### Directions for this task
Wherever an image appears in the records, exclude it, and reproduce everything else exactly.
# # #
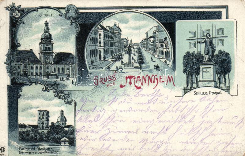 Beschreibung: Mannheim town hall, Planken, Schiller monument, city park with Jesuit Church, litho (small tear)
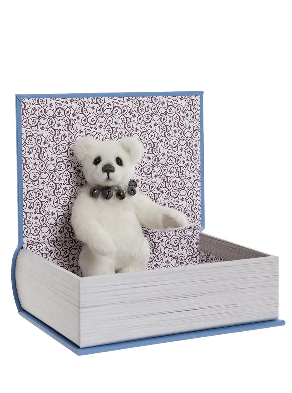 This tiny bear has been created using a cool iceberg white plush and is fully jointed and with tiny deep set eyes and a handstitched nose. He has soft tactile paw pads and a dinky bell collar tied with a shoestring. When not being a book worm, Study Buddy adores to travel and promises to not take up too much room in your bag or your pocket! Study Buddy has been created using synthetic plush, he has been fully tested to meet all relevant toy safety standards in The USA. Recommended for ages 3 years + . Bear cub height: 13cm / 5" / 4 Bear Paws
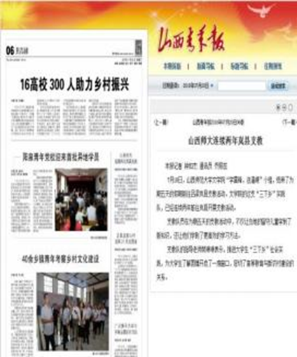 2019年7月31日,发表山西学子三下乡的消息:《拓展教学进行时,下乡队伍青春行》。
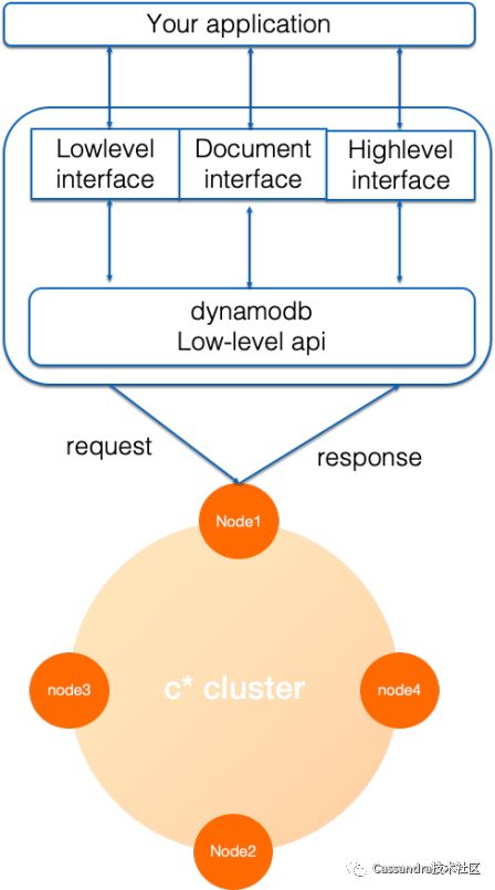 云cassandra内置了httpserver,实现了dynamodb全部协议。客户通过dynamodb sdk/CLI发送dynamodb请求至cassandra集群,云cassandra会解析这些请求,然后将这些读写请求转去操作底层存储引擎。我们完全可以把阿里云cassandra当成aws dynamodb来使用了。
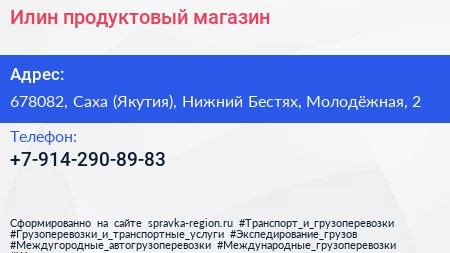 Илин, продуктовый магазин по адресу 678082, Саха (Якутия), Нижний Бестях, Молодёжная, 2 в дальнейшем Организация, размещена в следующих категориях:
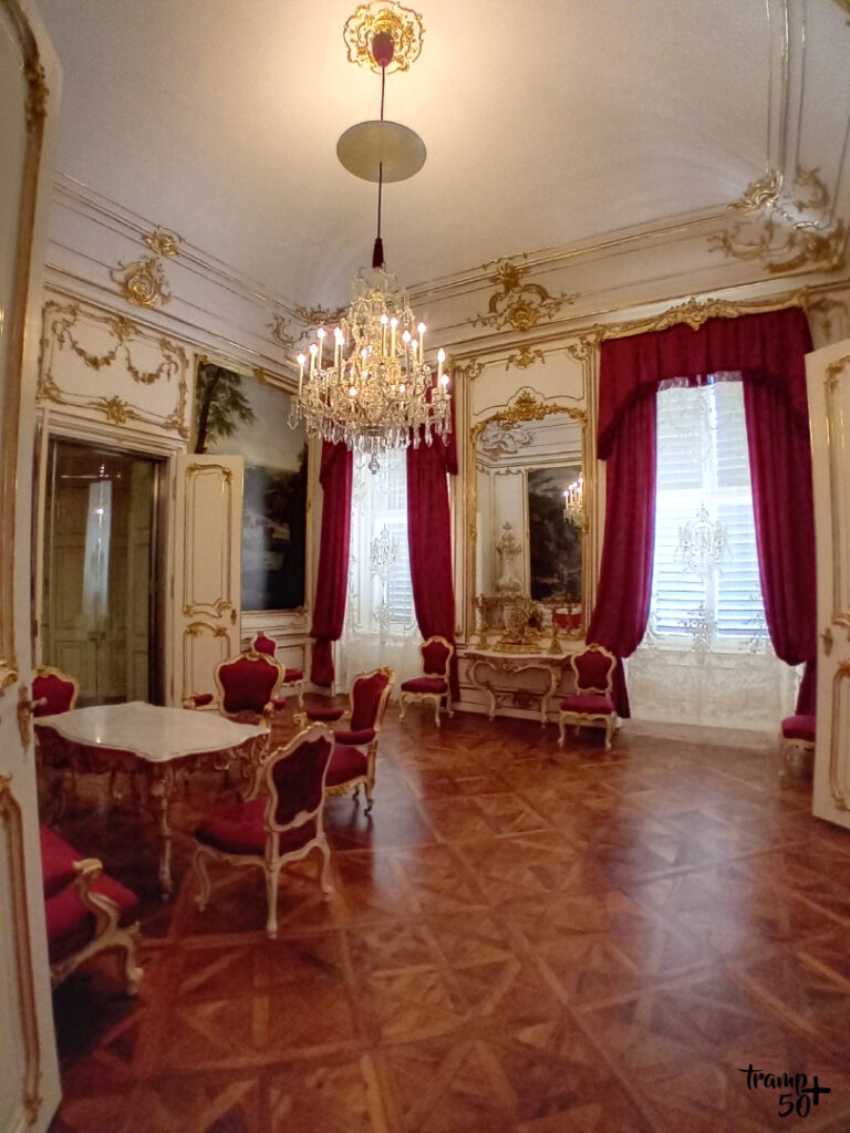 Sercem Schönbrunn jest oczywiście sam pałac z jego pięknie zachowanymi cesarskimi apartamentami. Możesz zwiedzić pokoje Marii Teresy, cesarza Franciszka Józefa i jego legendarnej żony Sisi. Do wyboru jest kilka tras zwiedzania. My wybraliśmy tę najkrótszą, która i tak daje pojęcie o rozmachu, z jakim urządzono wnętrza. Szczególnie zwiedzanie ogromnej sali balowej pozwala przenieść się w czasie i poczuć atmosferę dworskiego życia.
# # #
### Output below
 Beschreibung: Mannheim town hall, Planken, Schiller monument, city park with Jesuit Church, litho (small tear)
 This tiny bear has been created using a cool iceberg white plush and is fully jointed and with tiny deep set eyes and a handstitched nose. He has soft tactile paw pads and a dinky bell collar tied with a shoestring. When not being a book worm, Study Buddy adores to travel and promises to not take up too much room in your bag or your pocket! Study Buddy has been created using synthetic plush, he has been fully tested to meet all relevant toy safety standards in The USA. Recommended for ages 3 years + . Bear cub height: 13cm / 5" / 4 Bear Paws
 2019年7月31日,发表山西学子三下乡的消息:《拓展教学进行时,下乡队伍青春行》。
 云cassandra内置了httpserver,实现了dynamodb全部协议。客户通过dynamodb sdk/CLI发送dynamodb请求至cassandra集群,云cassandra会解析这些请求,然后将这些读写请求转去操作底层存储引擎。我们完全可以把阿里云cassandra当成aws dynamodb来使用了。
 Илин, продуктовый магазин по адресу 678082, Саха (Якутия), Нижний Бестях, Молодёжная, 2 в дальнейшем Организация, размещена в следующих категориях:
 Sercem Schönbrunn jest oczywiście sam pałac z jego pięknie zachowanymi cesarskimi apartamentami. Możesz zwiedzić pokoje Marii Teresy, cesarza Franciszka Józefa i jego legendarnej żony Sisi. Do wyboru jest kilka tras zwiedzania. My wybraliśmy tę najkrótszą, która i tak daje pojęcie o rozmachu, z jakim urządzono wnętrza. Szczególnie zwiedzanie ogromnej sali balowej pozwala przenieść się w czasie i poczuć atmosferę dworskiego życia.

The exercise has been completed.